Preheat oven to 425 F.
Roast Cauliflower: In a large mixing bowl, combine cauliflower, spices and oil. Season with salt and pepper, then toss to coat. Transfer cauliflower to an unlined sheet pan. Roast for 20-25 min, tossing halfway through, until golden and tender.
1 head of cauliflower, 1 tbsp curry powder, 1 tsp cumin powder, 1 tsp garlic powder, 1/2 tsp ground coriander, ½ tsp smoked paprika, 1 ½ tbsp olive oil, Salt and pepper
Pickle Cabbage: Place cabbage in a heat proof bowl or jar. In a small pot, add water, vinegar, maple syrup and salt. Bring to a simmer. Once simmering, cook for 1-2 min, until salt and sugar dissolve. Pour brine over cabbage. Toss to coat. Set aside to pickle, stirring occasionally.
3 cups thinly shredded red cabbage, 1/2 cup water, 1/4 cup apple cider or red wine vinegar, 1 tbsp maple syrup or sugar, 1 tsp sea salt
Cook Grain: Cook bulgur, quinoa or couscous according to package directions. Let cool slightly.

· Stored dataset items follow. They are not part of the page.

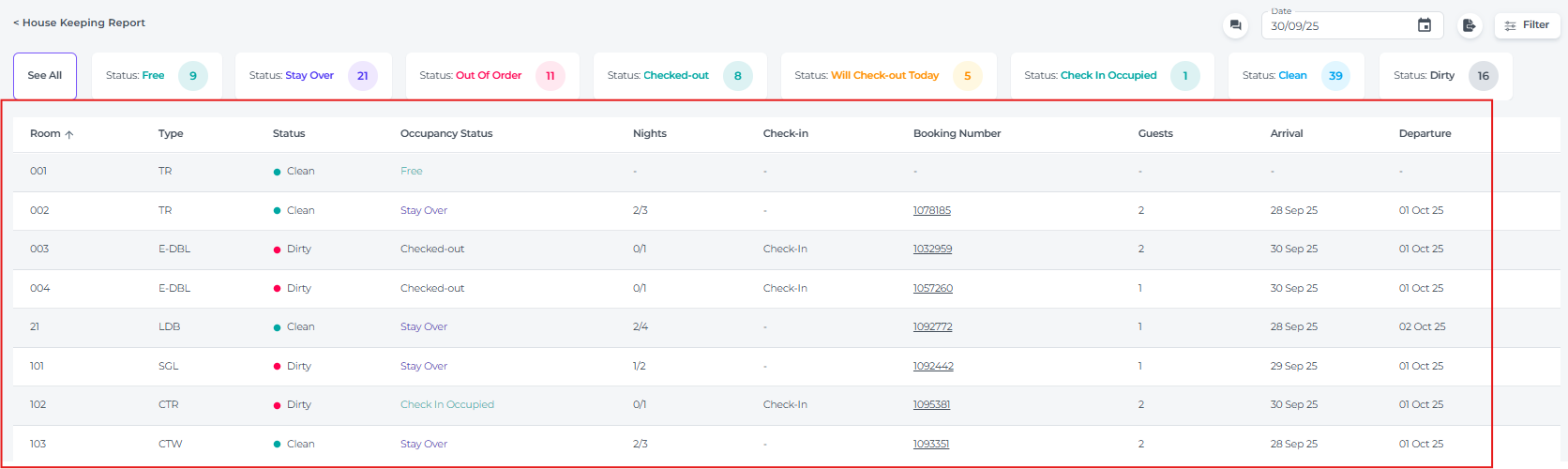 - Will Check-out Today - The number of rooms that still need to check out on the current date.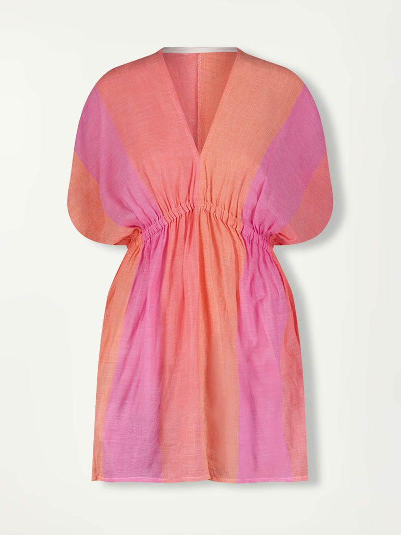The Nefas Peach Collection showcases a light, gauzy fabric with a beautiful ombre color block of pink, blush, and peach, creating a soft and airy look.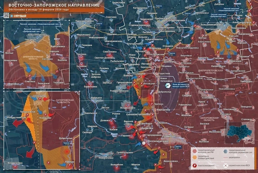 ВС РФ мощно идут вперёд на ключевых направлениях в зоне СВО: свежие карты боевых действий на 20.02.2026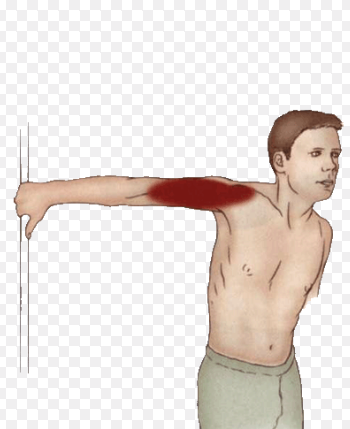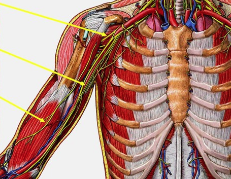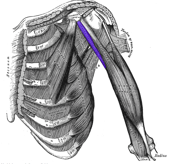 The overuse of the coracobrachialis can lead to stiffening of the muscle. Common causes of injury include chest workouts or activities where you have to press your arm very tight towards your body - e.g. work on the rings in gymnastics.[4] Symptoms of overuse or injury are pain in the arm and shoulder, radiating down to the back of the hand. In more severe cases, the musculocutaneous nerve can get trapped, causing disturbances in sensation to the skin on the radial part of the forearm and weakened flexion of the elbow, as the nerve also supplies the biceps brachii and brachialis muscle.[5] Actual rupture to the coracobrachialis muscle is extremely rare. Very few case reports exist in the literature, and it is reported to be caused by direct trauma to the contracted muscle. Avulsion of the muscle's origin from the coracoid as a result of indirect forces is even more unusual.[6]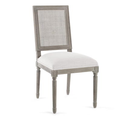 French-Style Dining Chair with Rectangular Natural Rattan Back, Linen Upholstered Seat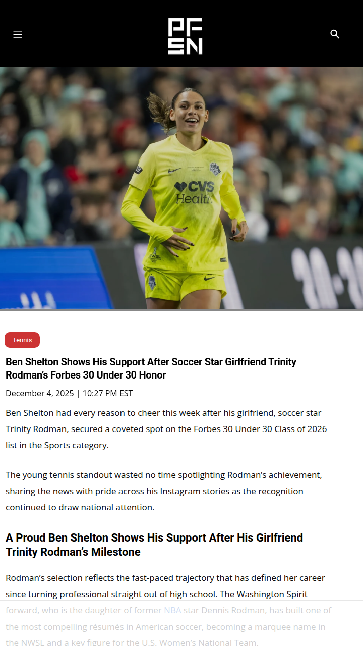Dawn Fritz+FollowRodman Joins Forbes 30U30—Shelton Reacts!Huge congrats to Trinity Rodman, aka the Spirit’s rising star, for landing on Forbes’ 30 Under 30! King Ben Shelton was quick to hype her up on IG, showing some serious couple goals. Rodman’s been breaking records since her NWSL debut, and this latest honor just cements her as one of the game’s brightest young talents. What do you think sets Rodman apart from other young USWNT stars? #Sports #TrinityRodman #Forbes30Under3000Share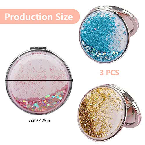 WACH AUF 3 Pezzi Specchio da Borsetta, Specchio Tascabile, Specchio Trucco Portatile, Specchio Cosmetico Compatto con Ingrandimento 1X/2x, Specchio Borsa, Pieghevole, Bifacciale, Giro (Rosa, Oro,Blu)

½ cup dried bulgur wheat or quinoa, or 1 cup couscous
Mix Tabbouleh: In a large bowl, whisk together oil, vinegar, lemon, coriander and garlic. Season with salt and pepper. To the dressing, add tomatoes, cucumbers, parsley, mint and cooked bulgur. Toss well to combine. Season with salt and pepper, to taste.
¼ cup olive oil, 2 tbsp white wine vinegar, 2 tbsp lemon juice, ½ tsp coriander, 1 clove garlic, 2 bunches curly parsley, ½ cup fresh mint leaves, 1 cup cucumber, 1 cup cherry tomatoes
Make Tahini Sauce: In a small bowl, combine tahini, lemon juice, garlic and cumin. Add 3-4 tbsp water. Season with salt. Whisk until smooth. Add more water, if needed (Note: Mixture will thicken as it sits)
¼ cup tahini, 2 tbsp lemon juice, 1 clove garlic, ½ tsp cumin
Assemble Bowls: Spoon some tabbouleh into bowls. Arrange roasted cauliflower and pickled cabbage alongside. Drizzle tahini dressing over cauliflower. Dollop hummus in the centre. Add hot sauce, if you like. Dig in with warm toasted pita.